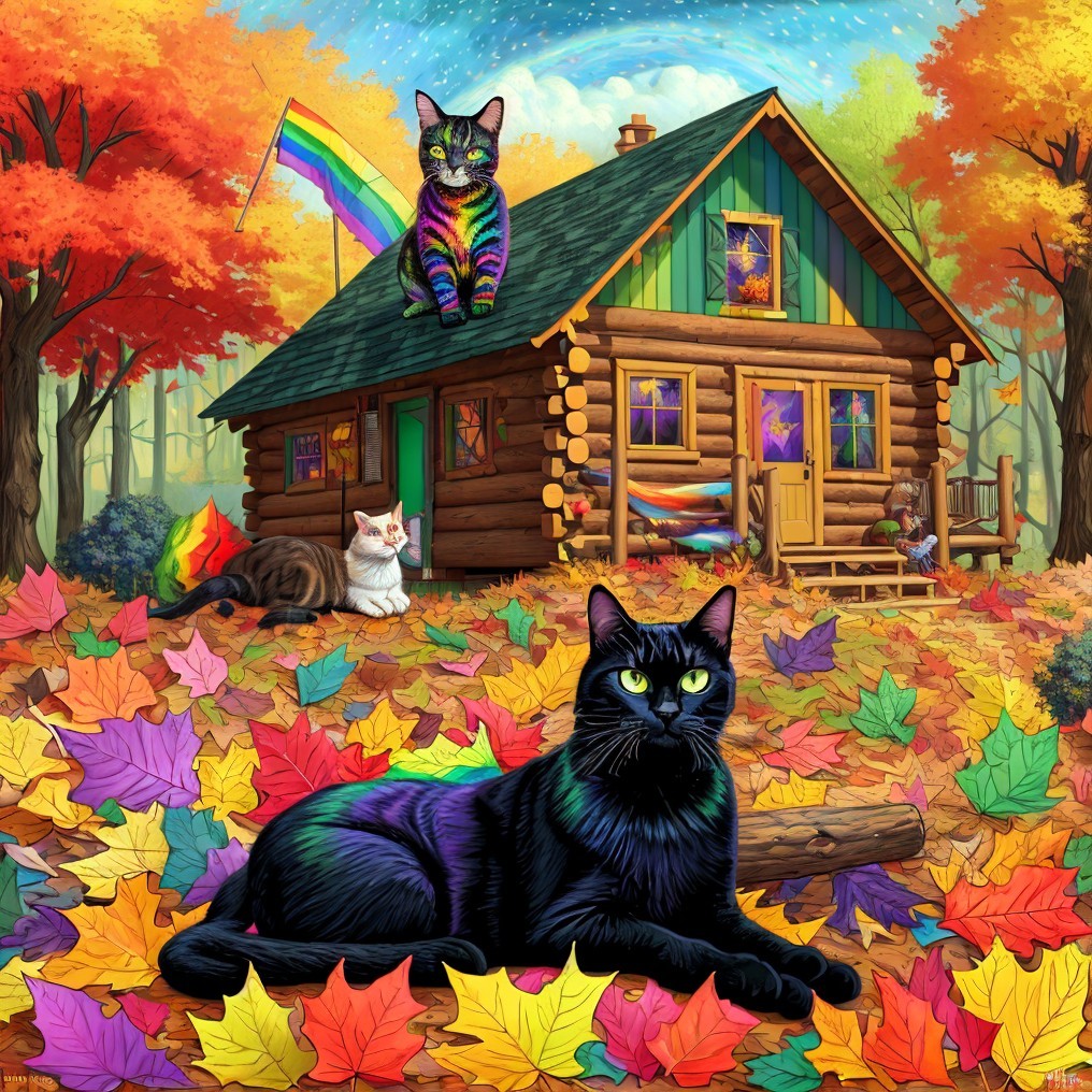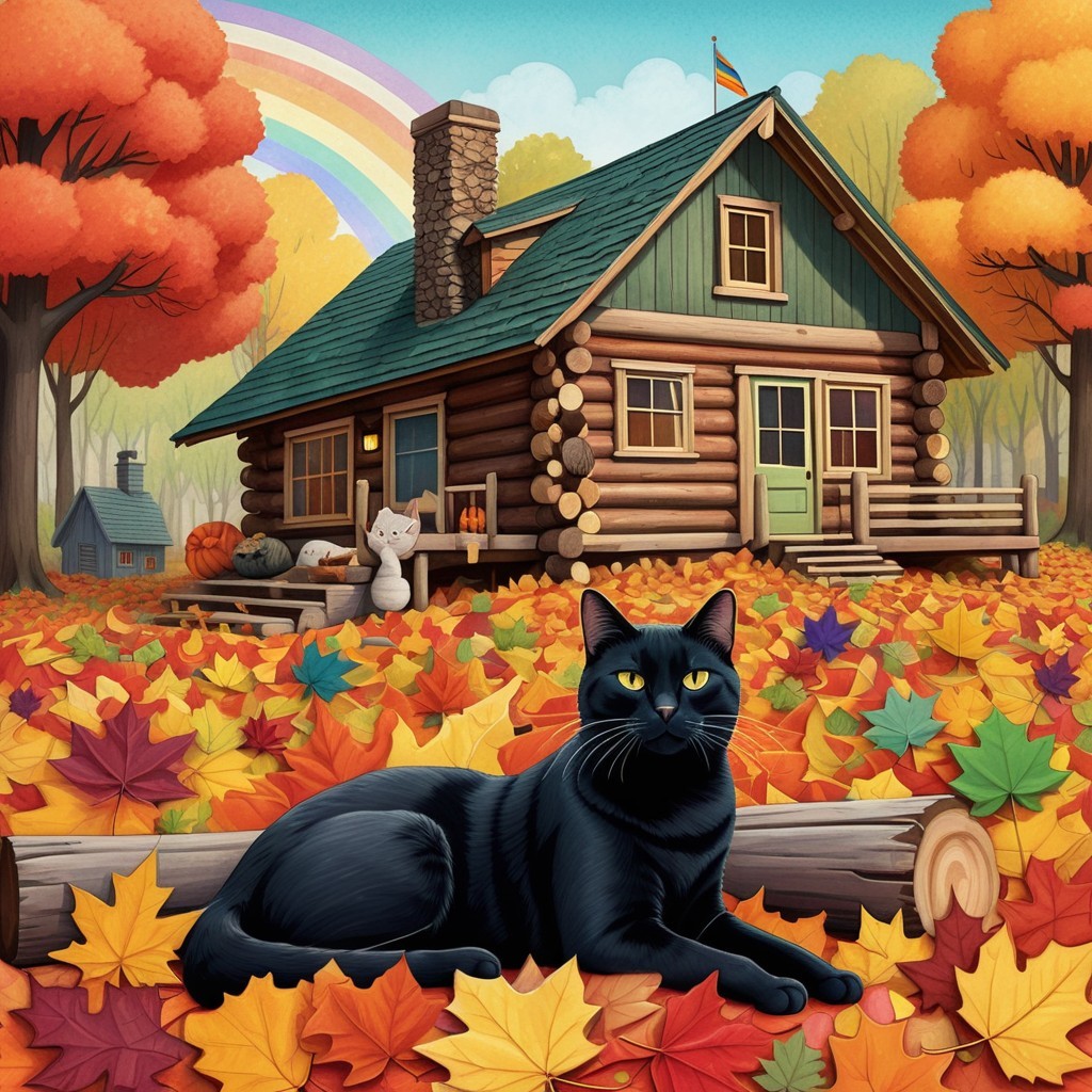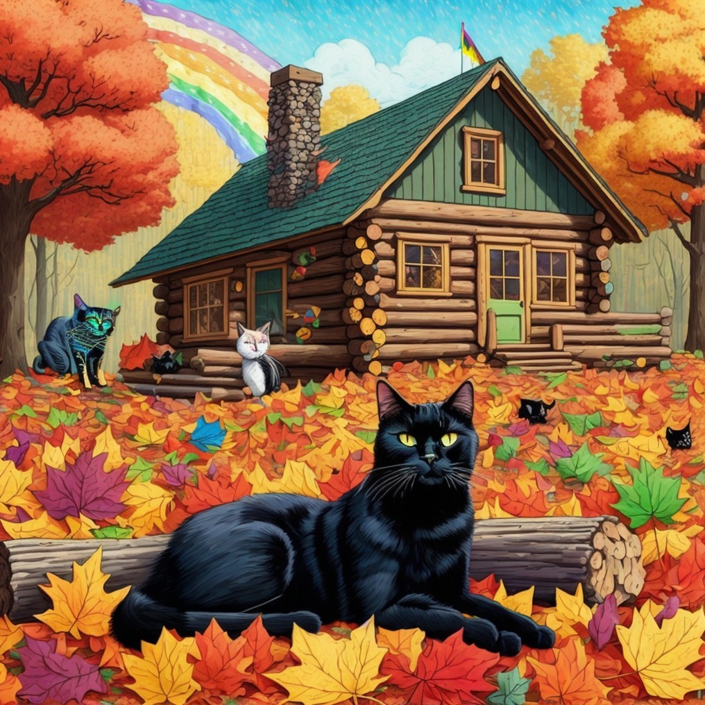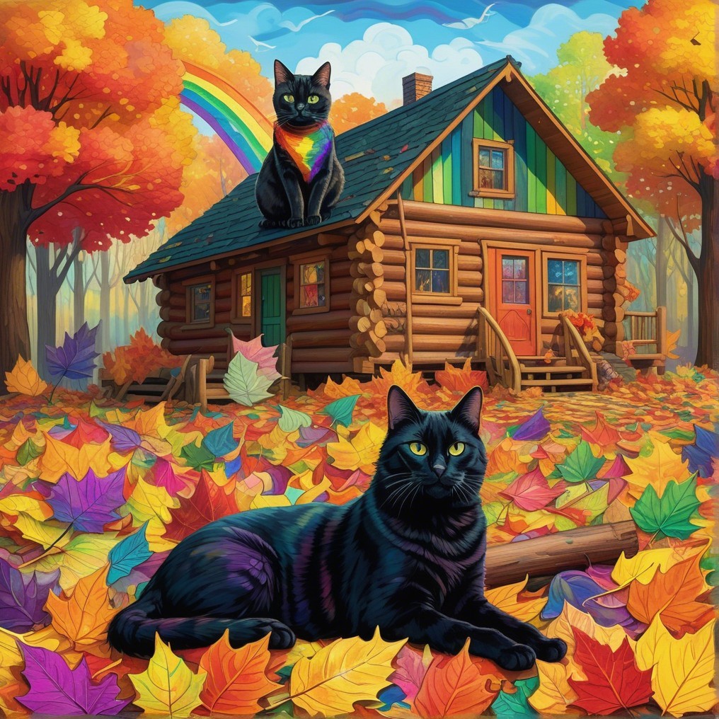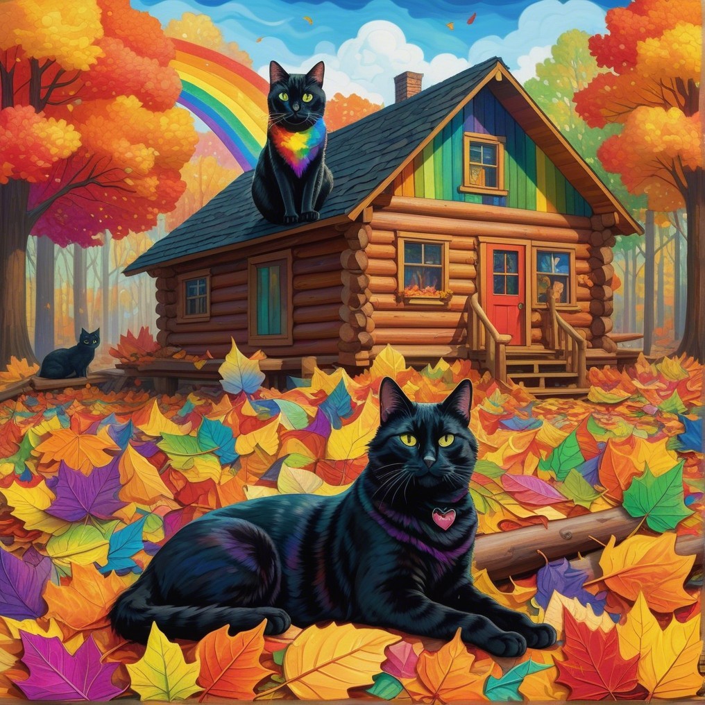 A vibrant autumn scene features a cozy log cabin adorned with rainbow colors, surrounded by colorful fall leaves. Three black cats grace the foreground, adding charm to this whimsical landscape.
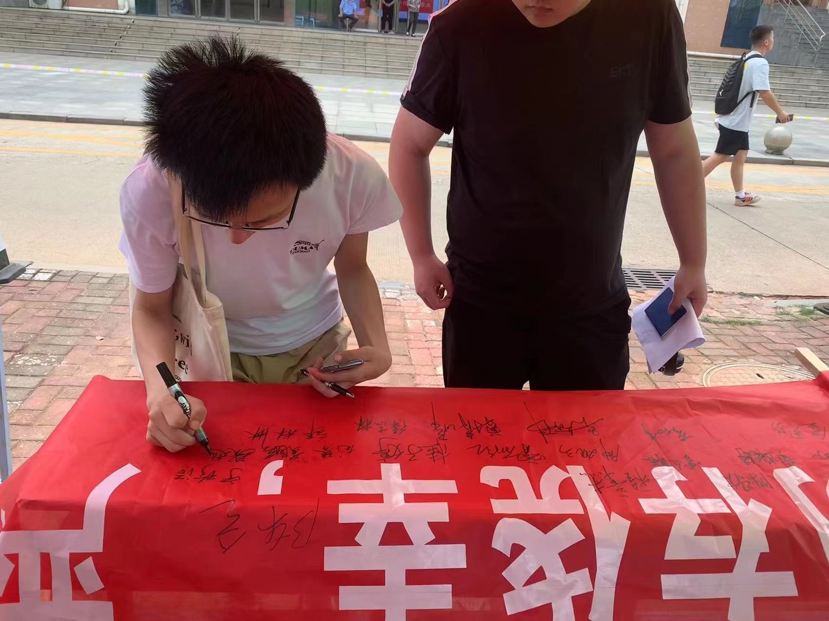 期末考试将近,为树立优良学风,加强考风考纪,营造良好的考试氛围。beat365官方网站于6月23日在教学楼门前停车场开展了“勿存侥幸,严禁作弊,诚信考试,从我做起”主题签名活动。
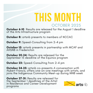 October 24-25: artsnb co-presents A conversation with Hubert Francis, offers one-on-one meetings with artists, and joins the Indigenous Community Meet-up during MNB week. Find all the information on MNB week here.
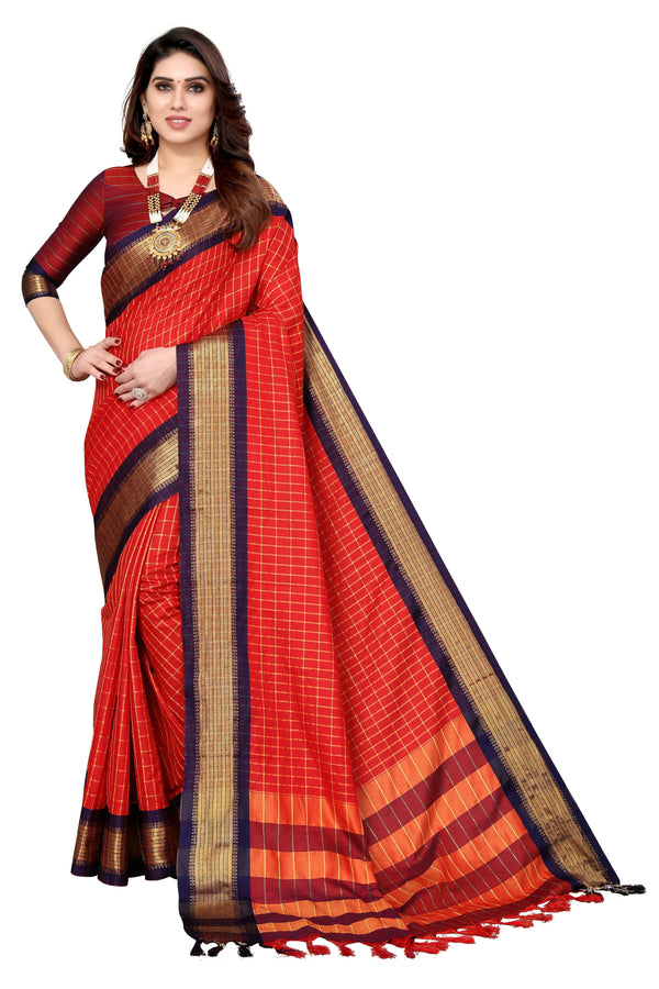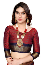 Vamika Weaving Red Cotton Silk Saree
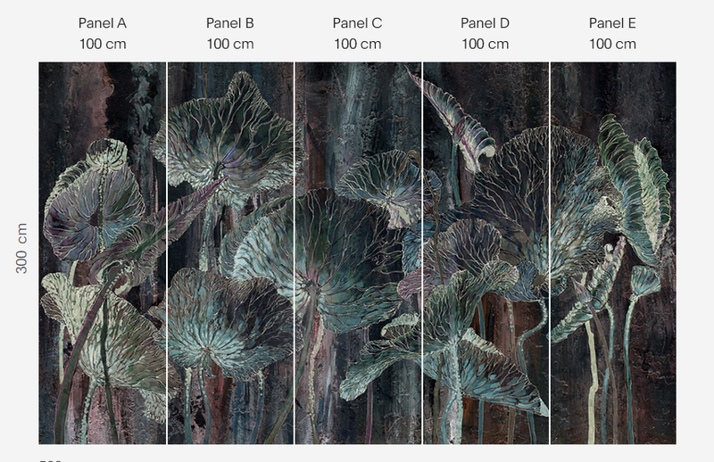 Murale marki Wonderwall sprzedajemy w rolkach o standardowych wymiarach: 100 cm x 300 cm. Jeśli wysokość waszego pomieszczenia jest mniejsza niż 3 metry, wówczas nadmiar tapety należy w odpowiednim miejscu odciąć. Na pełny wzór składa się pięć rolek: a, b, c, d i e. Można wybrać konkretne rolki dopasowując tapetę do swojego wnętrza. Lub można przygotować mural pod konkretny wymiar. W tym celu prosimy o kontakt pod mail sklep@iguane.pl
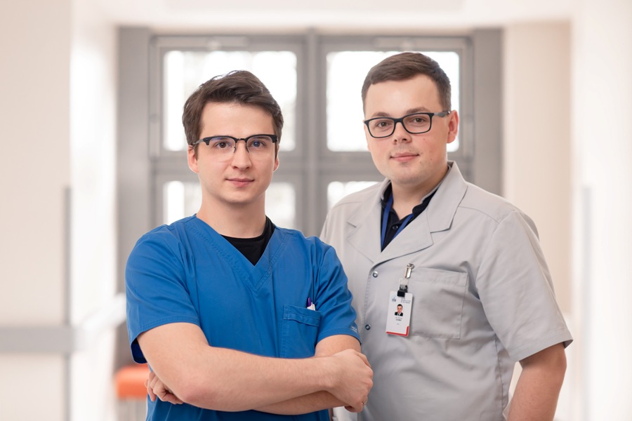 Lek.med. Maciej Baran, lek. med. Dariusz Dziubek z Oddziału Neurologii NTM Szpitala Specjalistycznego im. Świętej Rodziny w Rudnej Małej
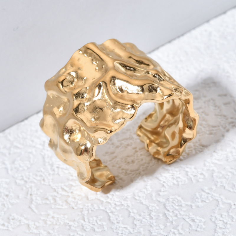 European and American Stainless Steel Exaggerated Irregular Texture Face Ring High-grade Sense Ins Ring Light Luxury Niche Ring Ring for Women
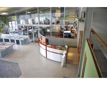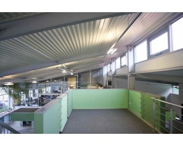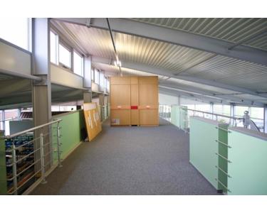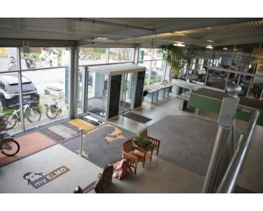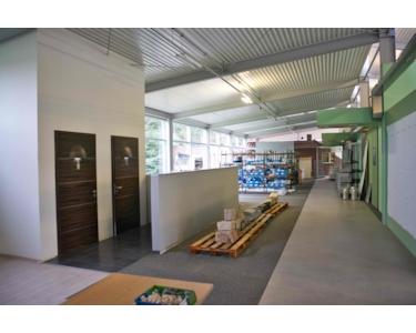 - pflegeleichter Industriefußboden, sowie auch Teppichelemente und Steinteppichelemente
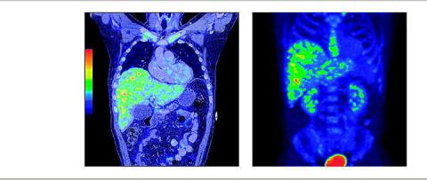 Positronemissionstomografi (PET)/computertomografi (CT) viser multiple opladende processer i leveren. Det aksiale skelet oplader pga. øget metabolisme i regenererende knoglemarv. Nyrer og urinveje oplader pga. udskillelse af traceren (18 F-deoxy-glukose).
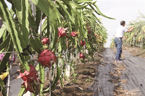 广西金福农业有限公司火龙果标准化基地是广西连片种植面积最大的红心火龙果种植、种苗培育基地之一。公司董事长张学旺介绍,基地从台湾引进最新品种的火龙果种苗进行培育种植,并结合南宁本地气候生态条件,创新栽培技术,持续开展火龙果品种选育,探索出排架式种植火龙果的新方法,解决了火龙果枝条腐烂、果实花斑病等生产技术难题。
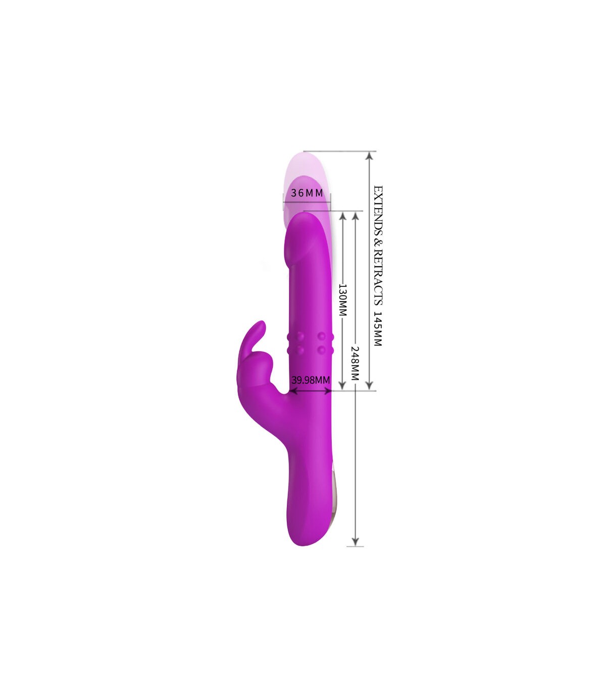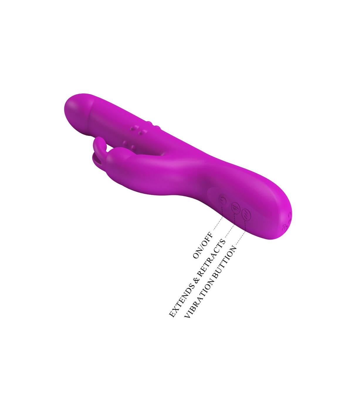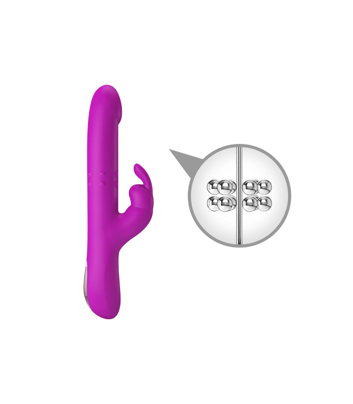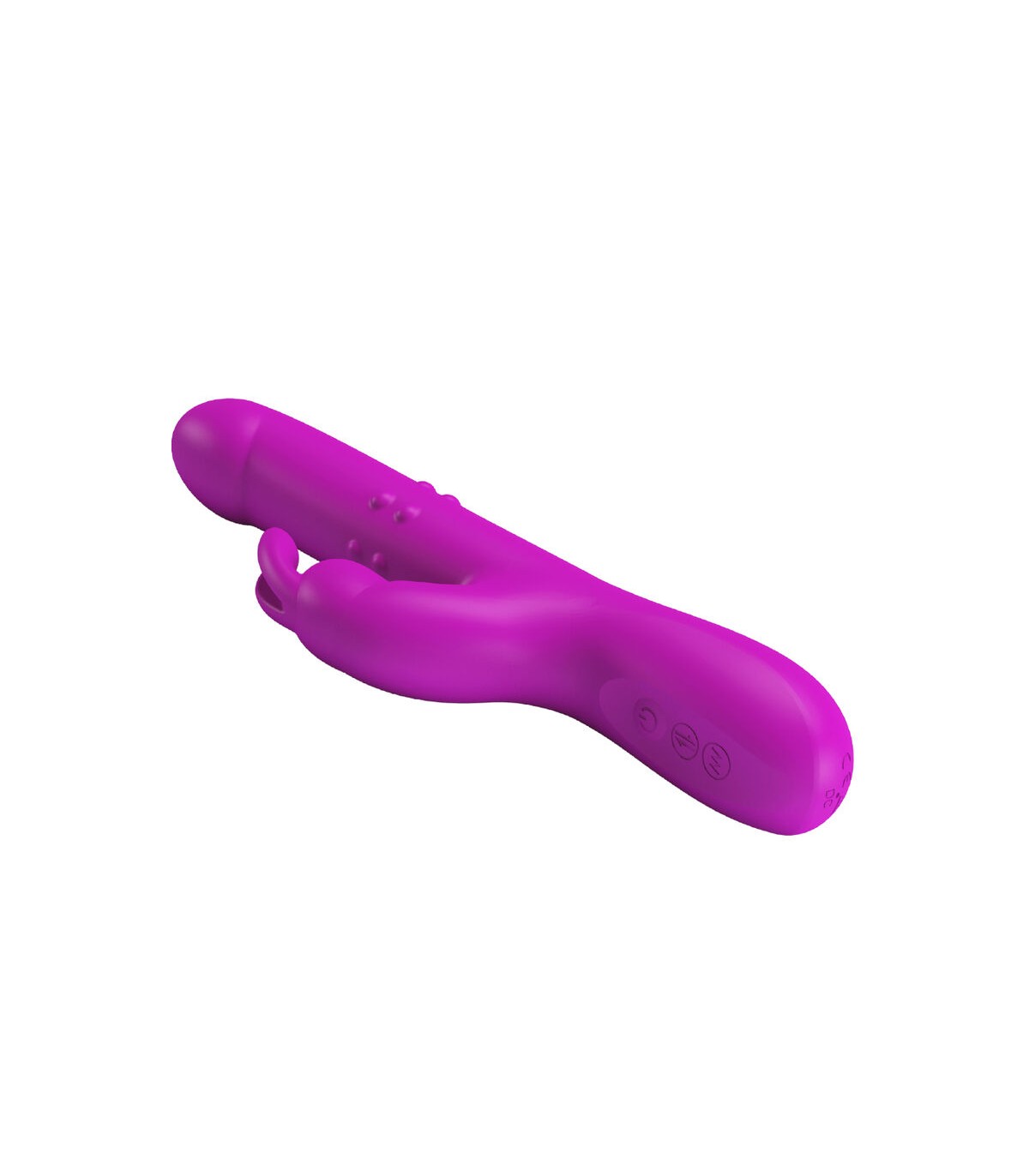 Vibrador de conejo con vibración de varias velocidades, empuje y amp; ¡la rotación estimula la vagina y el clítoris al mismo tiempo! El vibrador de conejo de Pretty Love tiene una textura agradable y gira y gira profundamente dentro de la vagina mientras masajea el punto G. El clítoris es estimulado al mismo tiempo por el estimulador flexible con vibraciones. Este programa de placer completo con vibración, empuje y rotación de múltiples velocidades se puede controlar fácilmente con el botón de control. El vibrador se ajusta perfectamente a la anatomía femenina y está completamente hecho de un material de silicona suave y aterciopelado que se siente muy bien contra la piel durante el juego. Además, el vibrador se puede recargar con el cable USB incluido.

═══

:: Requirement ::
Give back the lines word for word, from the very first in the material above to the one that has "期末考试将近,为树立优良学风", both included, without the pictures.

:: Written answer ::
 A vibrant autumn scene features a cozy log cabin adorned with rainbow colors, surrounded by colorful fall leaves. Three black cats grace the foreground, adding charm to this whimsical landscape.
 期末考试将近,为树立优良学风,加强考风考纪,营造良好的考试氛围。beat365官方网站于6月23日在教学楼门前停车场开展了“勿存侥幸,严禁作弊,诚信考试,从我做起”主题签名活动。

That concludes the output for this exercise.